Una vicenda di fatto confermata dal governo, dal quale è stato fatto sapere che entrambi i ministri hanno evidenziato che i principi di sovranità giurisdizionale di uno Stato impediscono ogni interferenza nella conduzione del processo e che la richiesta di sostituzione della misura cautelare presso l’ambasciata italiana non è possibile. In particolare il ministro della Giustizia Nordio ha rilevato che un’interlocuzione tra un dicastero italiano e l’organo giurisdizionale straniero sarebbe irrituale e irricevibile.

“Sulla nota che avrebbe fornito garanzie sull’applicazione delle misure per i domiciliari in Italia, ritengono che da parte dello Stato italiano sia una excusatio non petita”, ha riferito il padre. “Dovremo cercare noi di fare qualcosa – ha concluso – Ora ci sarà carcere a oltranza fino a quando il giudice ungherese avrà finito il processo o ci sarà un’altra situazione. Ma in quel carcere lì si può anche morire”.

Nordio ha poi fatto sapere di aver suggerito al padre di Salis e al legale l’opportunità che il difensore ungherese insista per la modifica della detenzione carceraria, condizione indispensabile per attivare la decisione quadro Ue del 2009 e quindi l’eventuale esecuzione degli arresti domiciliari in Italia. Nelle stesse ore, tuttavia, la Commissione Europea aveva fatto sapere che proprio la detenzione domiciliare “sarebbe in linea con le conclusioni del Consiglio sulle misure alternative alla detenzione adottate durante la presidenza finlandese nel 2019″, una decisione “recepita dall’Ungheria e dall’Italia”. La Commissione si è anche detta “disponibile per aiutare a trovare una soluzione praticabile nel quadro dell’Ue”.

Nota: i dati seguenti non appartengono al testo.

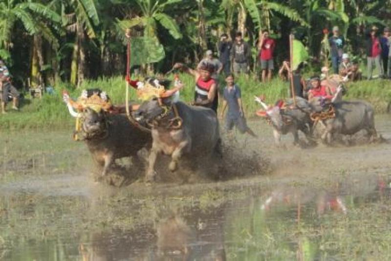BALI TRIBUNE - Selain atraksi Makepung Cikar, Jembrana juga memiliki atraksi Makepung Lampit. Makepung Lampit yang atraksinya dilakukan diareal sawah berlumpur ini memiliki keunikan dan daya tarik tersendiri. Bahkan sejak empat tahun terkahir, tadisi Makepung Lampit yang merupakan tradisi masyarakat agraris di Bali Barat ini mulai rutin dilombakan setiap tahunnya. Tahun ini Lomba Makepung Lampit yang dilaksanakan Minggu (25/11) pagi di Sirkuit Makepung Lampit, Banjar Peh, Desa Kaliakah, Kecamatan Negara diikiti puluhan pasang kerbau. Di tengah berbagai tantangan, dampak kemajuan jaman terhadap pertanian di pedesaan, Masyarakat agraris di Jembrana selama ini masih tetap melestarikan tradisi Makepung Lampit. Pengurus Sekha Makepung Jembrana, Kade Nuraga (53) mengatakan atraksi Makepung Lampit ini merupakan budaya lokal Jembrana yang diwariskan secara turun temurun, “ini tradisi turun menurun dari tetua kami dulu” ujar warga Banjar Banyubiru, Negara ini. Menurutnya makepung lampit memiliki perbedaan dengan makepung cikar, “makepung cikar dilakukan dilintasan kering, sedangkan makepung lampit dilakukan disawah berair dan berlumpur” jelasnya. Dituturkannya, Makepung Lampit ini dulunya berawal dari aktifitas membajak sawah (ngelampit) yang bernafaskan budaya gotong royong dan semangat berkompetisi. “Dari penuturan tetua kami, dulunya makepung lampit ini berawal dari aktiftas petani membajak sawah, saat itu dilakukan bersama secara bergotong royong menjelang musim tanam padi. Sama seperti makepung cikar tapi ini dilakukan sebelum musim tanam padi, ide awalnya sederhana yakni untuk memacu semangat ditengah sawah, para petani kejar-kejaran (balapan) menggunakan bajak dan akhirnya menjadi tradisi dan atraksi” tuturnya. Bahkan menurutnya untuk atraksi makepung lampit memiliki keunikan tersendiri. “Kalau makepung lampit ini harus dilaksanakan diareal persawahan berair dan berlumpur, tapi lumpurnya juga tidak boleh dalam, sehingga pemilihan tempatnya harus benar-benar tepat. Kalau tahun lalu di Kaliakah dan sekarang di Peh” jelasnya. Menurutnya petakan swah harus memiliki panjang minimal 80 meter dengan lebar minimal 20 meter serta kedalam lumpur 10 cm , “ini yang sulit karena sawah sekarang petakannya sempit-sempit dan lumpurnya dalam” ungkapnya. Bahkan menurutnya tidak semua kerbau bisa berlari dilumpur sehingga hanya kerbau yang sudah terlatih saja yang bisa digunakan mekepung lampit. Makepung lampit juga mempergunakan peralatan yang kini sudah langka. Selain tidak menggunakan pemukul rotan berduri seperti pada makepung cikar pada umumnya dan hanya memakai pecut untuk memacu kerbau berlari kencang sehingga kerbau tidak terluka, perlengkapan pada makepung lampit juga diakuinya kini sudah sangat terbatas.  “Kami menggunakan lampit (bajak). Alat-alanya sekarang sudah jarang dimiliki akibat digantikannya lampit dengan mesin traktor. Sejak empat tahun dilombakan, kami baru buat dan kembali dikembangka” paparnya. Keterbatasan alat ini juga berpengaruh pada perserta makepung lampir. “Tahun ini ada 34 peserta dibagi tiga kategori yakni grup A untuk ukuran kerbau besar, grup B untuk yang sedang dan  grup C yang kecil” tandasnya. Kepala Dinas Pariwisata dan Kebudayaan (Parbud) Kabupaten Jembrana, I Nengah Alit didampingi Kepala Bidang Pariwisata, I Nyoman Wenten menyatakan atraksi makepung lampit ini menggambarkan kegembiraan petani dalam membajak sawahnya. Makepung Lampit menurutnya memiliki daya tarik tersendiri, “Ini memiliki keunikan tersendiri dan sensasinya beda. Ada ciptratan lumpur saat kerbau berpacu sehingga menarik diabadikan oleh para fotografer” ujarnya. Bahkan untuk melestarikan tradisi yang menarik wisatawan ini, kini Pemkab Jembrana setiap tahun rutin menggelar Lomba Makepung Lampit, “Lomba Makepung Lampit juga menjadi event wisata di Jembrana” tandasnya.

Durante l’ultima udienza erano state diffuse le immagini di Salis trasportata in aula ammanettata, al guinzaglio e con i ceppi di cuoio ai piedi. Il padre ha spiegato che la figlia è stata sempre tradotta così in udienza, in almeno 4 occasioni, e che era sempre presente un funzionario dell’ambasciata italiana. Ma il ministro Tajani si è mosso con la convocazione dell’incaricato d’affari dell’ambasciata ungherese, per una protesta formale, solo dopo la diffusione degli scatti, sostenendo che era all’oscuro delle condizioni.

“Oggi il ministro degli Esteri mi sembrava stupito quando gli ho raccontato che ambasciata in Ungheria non fornisce un elenco di avvocati per selezionare un difensore – ha detto Roberto Salis – Mi sembra che ci sia un totale scollamento nel funzionamento dello Stato. Ci dicono che ci sono 2.500 italiani in queste situazioni e che non si può fare azione preferenziale per nessuno: se li lasciamo tutti così, siamo uno Stato che difende i suoi cittadini?”.